EXERCISE PROMPT =
From top to bottom, retype the data exactly, passing over any picture.

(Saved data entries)
[Start of Attachment]

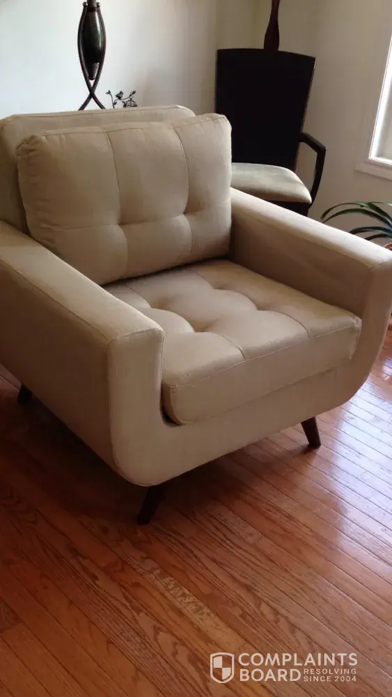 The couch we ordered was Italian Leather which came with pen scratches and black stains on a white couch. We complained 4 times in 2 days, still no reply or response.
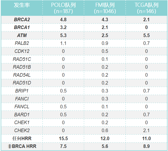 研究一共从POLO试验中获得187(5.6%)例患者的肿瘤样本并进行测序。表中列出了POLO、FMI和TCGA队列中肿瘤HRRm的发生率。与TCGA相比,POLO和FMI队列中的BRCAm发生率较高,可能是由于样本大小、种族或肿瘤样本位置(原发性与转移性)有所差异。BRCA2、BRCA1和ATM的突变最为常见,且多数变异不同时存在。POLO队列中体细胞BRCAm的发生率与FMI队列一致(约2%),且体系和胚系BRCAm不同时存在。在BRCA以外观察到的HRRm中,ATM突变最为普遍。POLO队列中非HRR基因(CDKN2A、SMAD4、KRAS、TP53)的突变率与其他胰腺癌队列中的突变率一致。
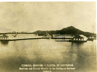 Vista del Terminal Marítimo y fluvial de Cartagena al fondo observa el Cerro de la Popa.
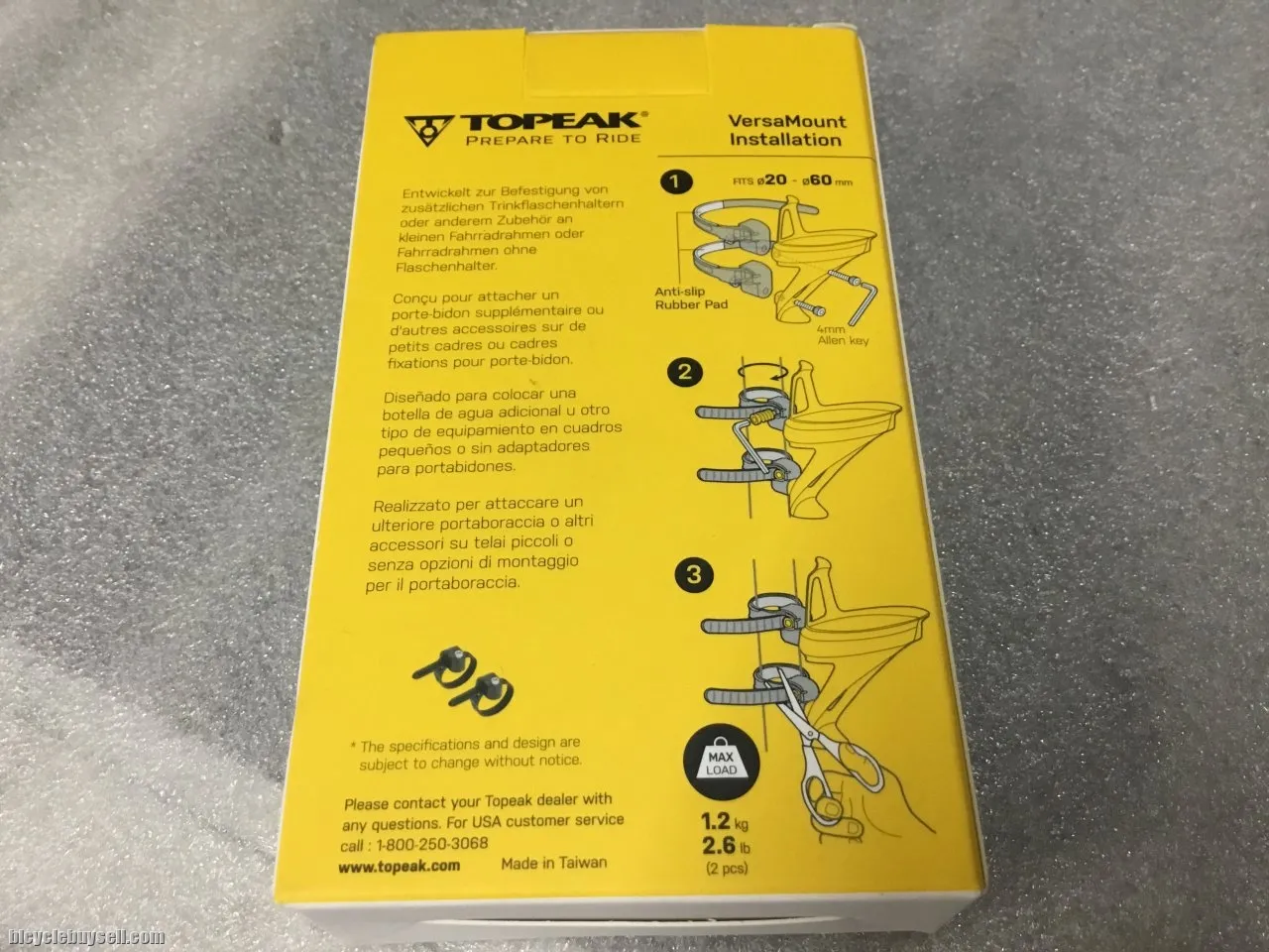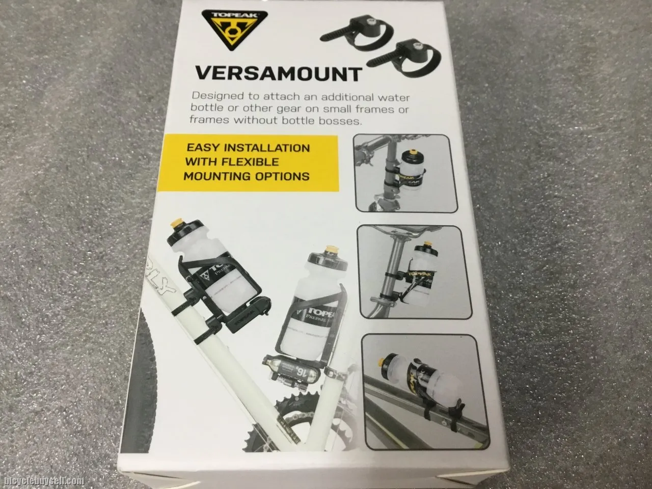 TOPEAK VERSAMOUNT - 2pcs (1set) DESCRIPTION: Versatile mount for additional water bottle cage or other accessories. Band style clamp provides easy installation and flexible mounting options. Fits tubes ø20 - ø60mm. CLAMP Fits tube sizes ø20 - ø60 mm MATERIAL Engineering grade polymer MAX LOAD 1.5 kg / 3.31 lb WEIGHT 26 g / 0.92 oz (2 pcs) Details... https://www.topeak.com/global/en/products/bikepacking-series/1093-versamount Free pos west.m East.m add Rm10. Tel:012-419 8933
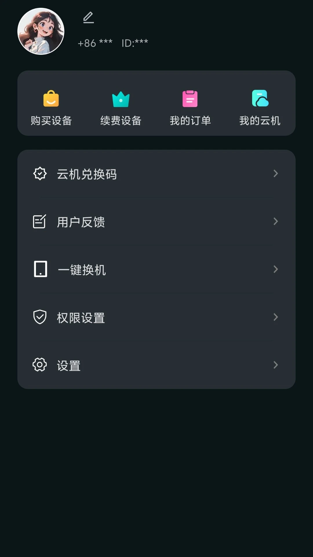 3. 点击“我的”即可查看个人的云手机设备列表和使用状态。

[End of Attachment]

REPLY =
 The couch we ordered was Italian Leather which came with pen scratches and black stains on a white couch. We complained 4 times in 2 days, still no reply or response.
 研究一共从POLO试验中获得187(5.6%)例患者的肿瘤样本并进行测序。表中列出了POLO、FMI和TCGA队列中肿瘤HRRm的发生率。与TCGA相比,POLO和FMI队列中的BRCAm发生率较高,可能是由于样本大小、种族或肿瘤样本位置(原发性与转移性)有所差异。BRCA2、BRCA1和ATM的突变最为常见,且多数变异不同时存在。POLO队列中体细胞BRCAm的发生率与FMI队列一致(约2%),且体系和胚系BRCAm不同时存在。在BRCA以外观察到的HRRm中,ATM突变最为普遍。POLO队列中非HRR基因(CDKN2A、SMAD4、KRAS、TP53)的突变率与其他胰腺癌队列中的突变率一致。
 Vista del Terminal Marítimo y fluvial de Cartagena al fondo observa el Cerro de la Popa.
 TOPEAK VERSAMOUNT - 2pcs (1set) DESCRIPTION: Versatile mount for additional water bottle cage or other accessories. Band style clamp provides easy installation and flexible mounting options. Fits tubes ø20 - ø60mm. CLAMP Fits tube sizes ø20 - ø60 mm MATERIAL Engineering grade polymer MAX LOAD 1.5 kg / 3.31 lb WEIGHT 26 g / 0.92 oz (2 pcs) Details... https://www.topeak.com/global/en/products/bikepacking-series/1093-versamount Free pos west.m East.m add Rm10. Tel:012-419 8933
 3. 点击“我的”即可查看个人的云手机设备列表和使用状态。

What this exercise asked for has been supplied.